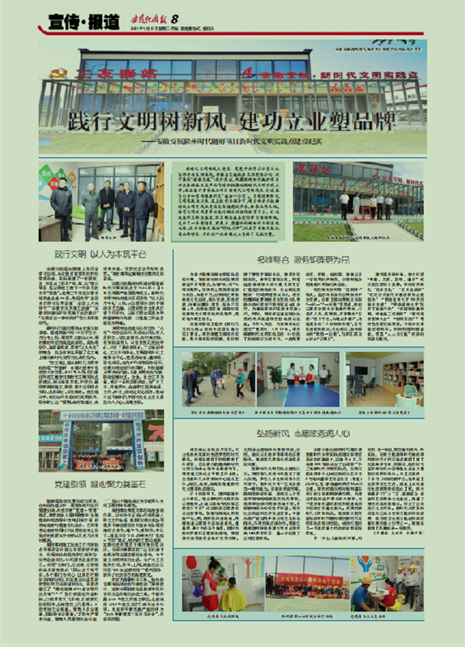 與此同時,公司還積極向集團及省級主流媒體推報公司防汛救災復重建、堅持高質量發(fā)展以及“十四五”規(guī)劃編制等經(jīng)驗做法,深入宣傳公司內(nèi)在學習宣傳貫徹工作中涌現(xiàn)出的先進典型,不斷把學習宣傳工作引向深入。在今年防汛抗洪救災中,公司的防汛救災工作被省級主流媒體中安在線深入報道,徐鑫、田龍和沈宏三位同志被評為“最美志愿者”并在公司網(wǎng)上刊發(fā)了他們先進抗洪事跡。大力實施基層黨建“領航”計劃,《安徽經(jīng)濟報》于9月15日對公司滁州時代樾府項目新時代文明點典型經(jīng)驗做法,用了整版進行專題報道。
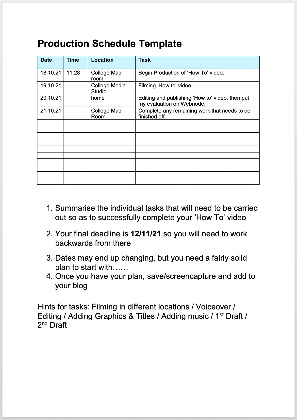 18.10.21: Today I filled out a production schedule for my project, Below is the schedule showing what day I'll be working on my project and what task I'll be doing on that day.
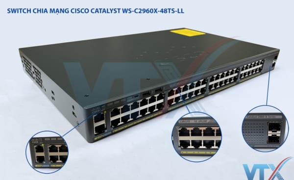 Switch Cisco WS-C2960X-48TS-LL 48 cổng LAN Lite bao gồm 48 cổng Ethernet 10/100/1000 và giao diện SFP 2 x 1G. LAN Lite hình ảnh chức năng nhu cầu cơ bản cho lớp 2 (Layer 2) chuyển đổi và không hỗ trợ xếp chồng (Stack).
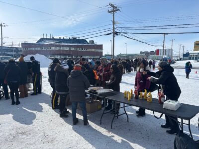 Hundreds of people line up for the free Toonik Tyme barbecue hosted by officers at RCMP V Division headquarters in Iqaluit on Friday. (Photo by Daron Letts)
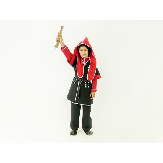 Материал: рубаха и башлык - смесовая ткань, черкесска и брюки - габардин 100% полиэстер, пояс - искусственная кожа, головной убор - драп 100% полиэстер, смесовая ткань - 35% хлопка, 65% полиэстер.
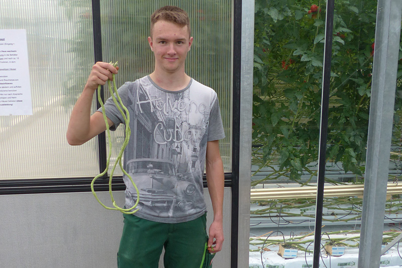 10 Azubi Justin zeigt wie lang die Bohnen werden können

== == ==

* **PROMPT**: Reproduce every entry exactly, but omit each picture.

* **SOLUTION FOR THIS TASK**:
 與此同時,公司還積極向集團及省級主流媒體推報公司防汛救災復重建、堅持高質量發(fā)展以及“十四五”規(guī)劃編制等經(jīng)驗做法,深入宣傳公司內(nèi)在學習宣傳貫徹工作中涌現(xiàn)出的先進典型,不斷把學習宣傳工作引向深入。在今年防汛抗洪救災中,公司的防汛救災工作被省級主流媒體中安在線深入報道,徐鑫、田龍和沈宏三位同志被評為“最美志愿者”并在公司網(wǎng)上刊發(fā)了他們先進抗洪事跡。大力實施基層黨建“領航”計劃,《安徽經(jīng)濟報》于9月15日對公司滁州時代樾府項目新時代文明點典型經(jīng)驗做法,用了整版進行專題報道。
 18.10.21: Today I filled out a production schedule for my project, Below is the schedule showing what day I'll be working on my project and what task I'll be doing on that day.
 Switch Cisco WS-C2960X-48TS-LL 48 cổng LAN Lite bao gồm 48 cổng Ethernet 10/100/1000 và giao diện SFP 2 x 1G. LAN Lite hình ảnh chức năng nhu cầu cơ bản cho lớp 2 (Layer 2) chuyển đổi và không hỗ trợ xếp chồng (Stack).
 Hundreds of people line up for the free Toonik Tyme barbecue hosted by officers at RCMP V Division headquarters in Iqaluit on Friday. (Photo by Daron Letts)
 Материал: рубаха и башлык - смесовая ткань, черкесска и брюки - габардин 100% полиэстер, пояс - искусственная кожа, головной убор - драп 100% полиэстер, смесовая ткань - 35% хлопка, 65% полиэстер.
 10 Azubi Justin zeigt wie lang die Bohnen werden können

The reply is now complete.